- [Data section]:
------------------------------------------------------------------------

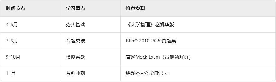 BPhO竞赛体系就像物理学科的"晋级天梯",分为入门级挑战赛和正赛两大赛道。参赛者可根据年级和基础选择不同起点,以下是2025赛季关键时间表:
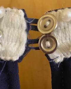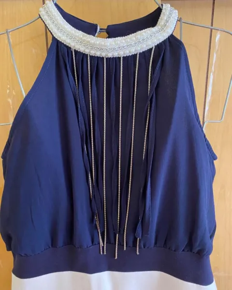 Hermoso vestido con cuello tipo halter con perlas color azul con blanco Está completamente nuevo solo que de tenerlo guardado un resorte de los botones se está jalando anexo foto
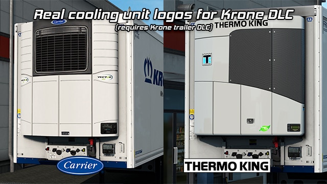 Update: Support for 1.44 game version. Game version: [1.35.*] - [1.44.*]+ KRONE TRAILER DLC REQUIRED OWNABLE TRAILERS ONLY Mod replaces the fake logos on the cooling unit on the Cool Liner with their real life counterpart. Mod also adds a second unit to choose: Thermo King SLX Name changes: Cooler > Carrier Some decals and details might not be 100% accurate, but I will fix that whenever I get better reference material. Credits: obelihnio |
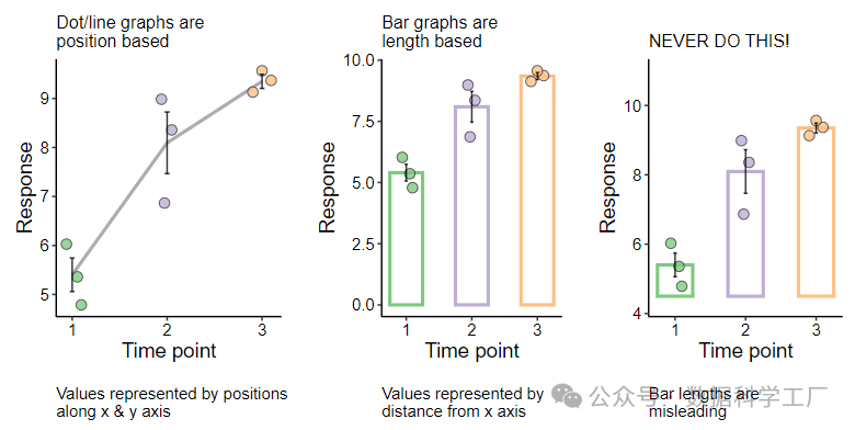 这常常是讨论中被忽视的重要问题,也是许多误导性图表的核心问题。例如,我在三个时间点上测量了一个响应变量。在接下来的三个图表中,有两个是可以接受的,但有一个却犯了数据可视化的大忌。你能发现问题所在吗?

------------------------------------------------------------------------

- [Task item]: Restate all of the material above word for word. Pictures do not belong in it.

- [Finished task]:
 BPhO竞赛体系就像物理学科的"晋级天梯",分为入门级挑战赛和正赛两大赛道。参赛者可根据年级和基础选择不同起点,以下是2025赛季关键时间表:
 Hermoso vestido con cuello tipo halter con perlas color azul con blanco Está completamente nuevo solo que de tenerlo guardado un resorte de los botones se está jalando anexo foto
 Update: Support for 1.44 game version. Game version: [1.35.*] - [1.44.*]+ KRONE TRAILER DLC REQUIRED OWNABLE TRAILERS ONLY Mod replaces the fake logos on the cooling unit on the Cool Liner with their real life counterpart. Mod also adds a second unit to choose: Thermo King SLX Name changes: Cooler > Carrier Some decals and details might not be 100% accurate, but I will fix that whenever I get better reference material. Credits: obelihnio |
 这常常是讨论中被忽视的重要问题,也是许多误导性图表的核心问题。例如,我在三个时间点上测量了一个响应变量。在接下来的三个图表中,有两个是可以接受的,但有一个却犯了数据可视化的大忌。你能发现问题所在吗?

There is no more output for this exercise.